I know a load of companies increase by like 3.9% + Inflation every year – so why is it that when employees get pay rises they’ll always be less than the rate of inflation?
Doesn’t that just mean employees get poorer every time? Where does the extra 3.9% money actually go? Where does the difference between employees payrises and rate of inflation go?
Are all companies just screwing their employees or is there some other reason I’m not realizing?
In: Economics
Best way to think about this is to ask the opposite question: “how do companies get away with pay raises that *exceed* inflation?” (since that’s been common prior to recent inflation) or “why would employees accept a raise higher than inflation?” (since they’re taking money that could be given to someone else).
The longer answer is that wages and raises don’t correlate directly with inflation, rather they’re directed by market forces of which inflation is just one factor, just like the prices you pay for gas, or groceries are.
Employers seek to balance multiple forces, including the cost of their employees (and the costs to retain them rather than lose them to competitors), and the revenue those companies’ products and services bring in, which drives profits, which is the sole reason companies exist to begin with.
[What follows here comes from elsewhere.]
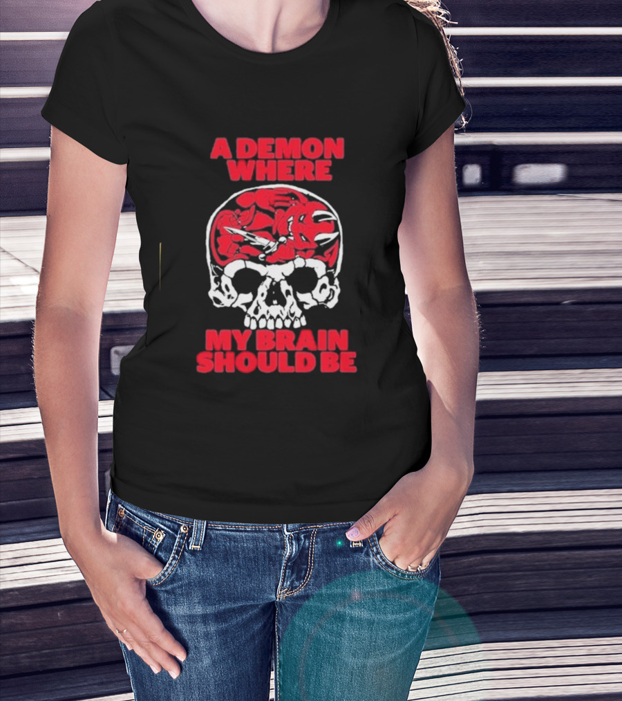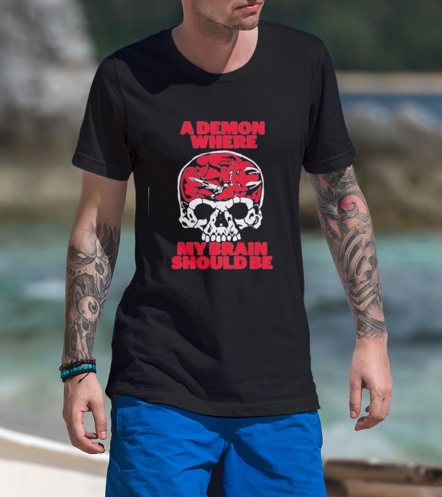 A Demon Where My Brain Should Be Skull With Red Demon Inside T-Shirt

As conditions change, including *forecasted* conditions, companies may tighten their belts, accepting the risk that they might lose some employees if other companies are continuing to offer more attractive compensation packages. During economic uncertainty, however, those competitors are often making the same calculations, and you end up with a market that just doesn’t support higher wages or raises.
There’s no good or bad here really (though there’s political incentive to say so), it’s market forces and human incentives at work.